__Recorded data__.
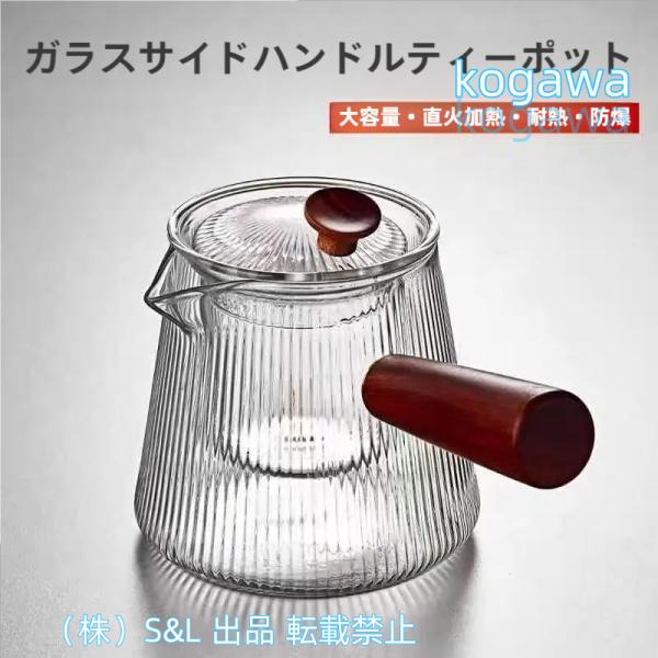 ティーポット耐熱ガラス茶こし付き手作りガラス製ポット木製持ち手紅茶フルーツティーリーフティー花茶S&L工芸茶ハーフティー大容量直火可業務用飲
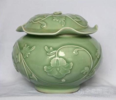 元代龙泉窑青瓷除造型、烧造工艺特点突出之外,在胎釉、装饰等方面也有鲜明的时代特点。 在胎釉特征上,虽然南宋时期那种薄胎厚釉,釉色粉青的制品仍有生产,但元代龙泉窑生产的主流产品还是一种胎体厚重,釉层较薄,釉色以绿色为基调的青瓷,其色调除标准的翠绿色外,还见有青灰、青黄等色,而因烧成时窑内气氛的改变,有些制品的釉色会完全变为黄色,俗称“黄龙泉”,别有一番韵味。
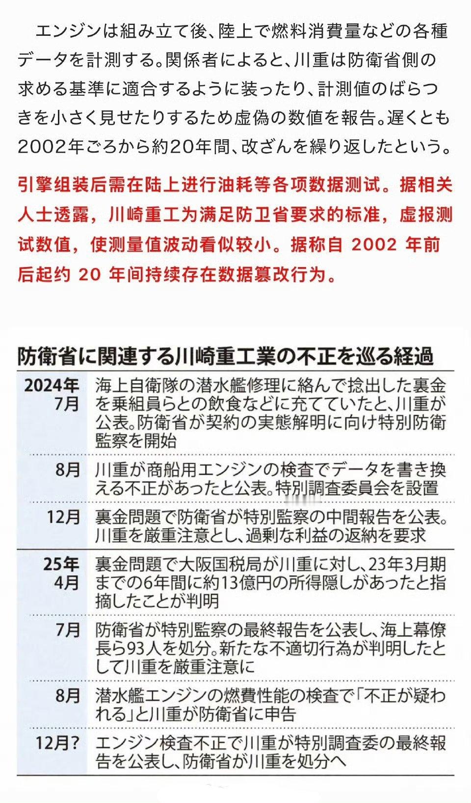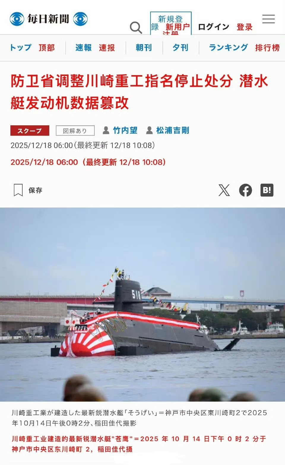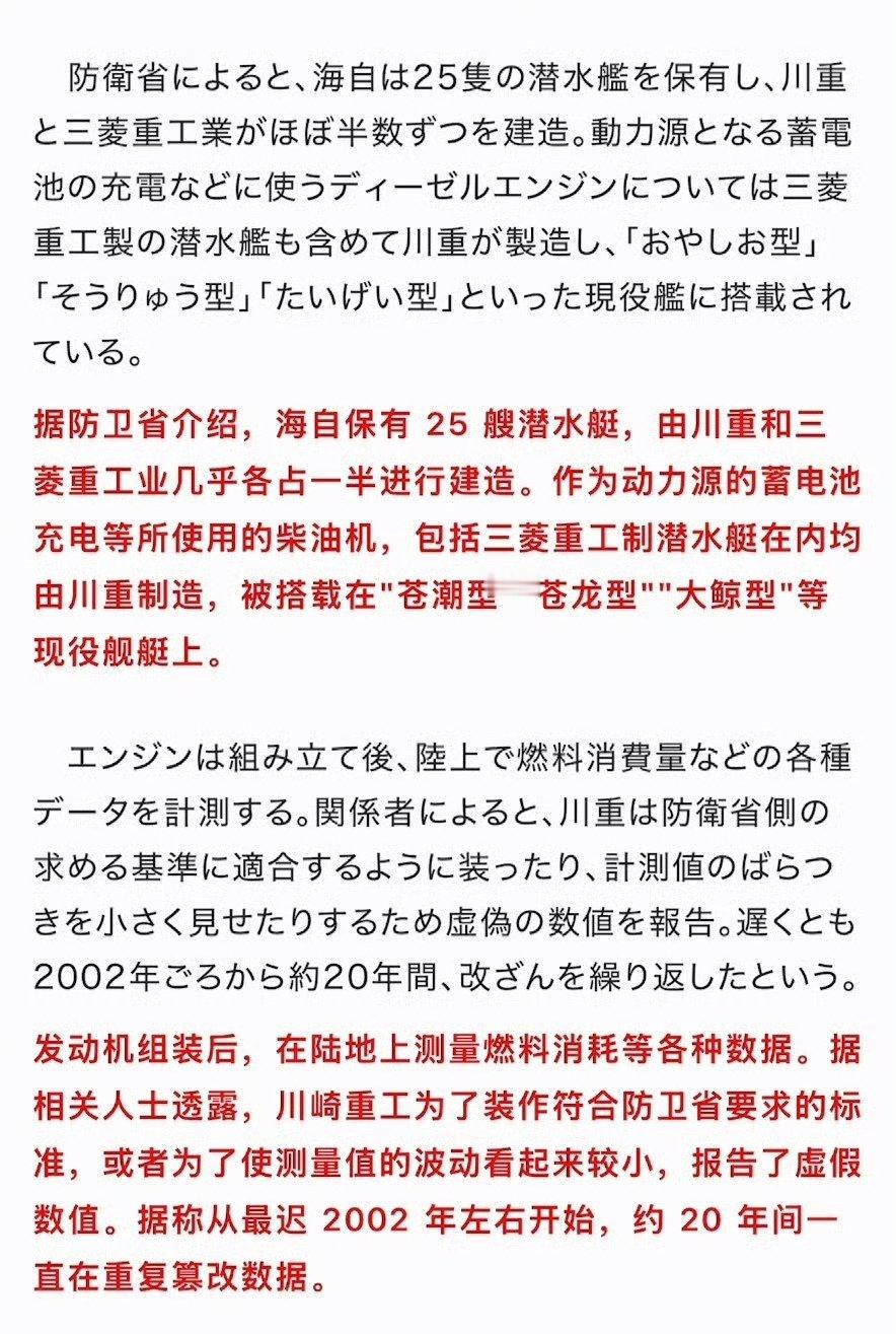 日本潜艇制造商川崎重工造假被罚!川崎重工从2002 年以前就开始伪造给海自制造的潜水艇柴油发电机数据,造假造了 20 多年!海上自卫队现役 25 艘潜艇的柴油发电机均为川崎重工制造,该发电机被搭载于“亲潮”级、“苍龙”级、“大鲸”级等现役潜艇之上。目前虽然防卫省坚称本次造假对潜艇性能没影响,但还是能从其暂停 2.5 个月中标资格,要求赔付违约金等方面看到他们的愤怒,而内部也在质疑这样的惩罚是不是太轻了。海外新鲜事热点观点 烽火问鼎计划

__What you are asked to do__. Repeat each line above exactly as it reads, omitting any pictures.

__Exercise solution__.
 ティーポット耐熱ガラス茶こし付き手作りガラス製ポット木製持ち手紅茶フルーツティーリーフティー花茶S&L工芸茶ハーフティー大容量直火可業務用飲
 元代龙泉窑青瓷除造型、烧造工艺特点突出之外,在胎釉、装饰等方面也有鲜明的时代特点。 在胎釉特征上,虽然南宋时期那种薄胎厚釉,釉色粉青的制品仍有生产,但元代龙泉窑生产的主流产品还是一种胎体厚重,釉层较薄,釉色以绿色为基调的青瓷,其色调除标准的翠绿色外,还见有青灰、青黄等色,而因烧成时窑内气氛的改变,有些制品的釉色会完全变为黄色,俗称“黄龙泉”,别有一番韵味。
 日本潜艇制造商川崎重工造假被罚!川崎重工从2002 年以前就开始伪造给海自制造的潜水艇柴油发电机数据,造假造了 20 多年!海上自卫队现役 25 艘潜艇的柴油发电机均为川崎重工制造,该发电机被搭载于“亲潮”级、“苍龙”级、“大鲸”级等现役潜艇之上。目前虽然防卫省坚称本次造假对潜艇性能没影响,但还是能从其暂停 2.5 个月中标资格,要求赔付违约金等方面看到他们的愤怒,而内部也在质疑这样的惩罚是不是太轻了。海外新鲜事热点观点 烽火问鼎计划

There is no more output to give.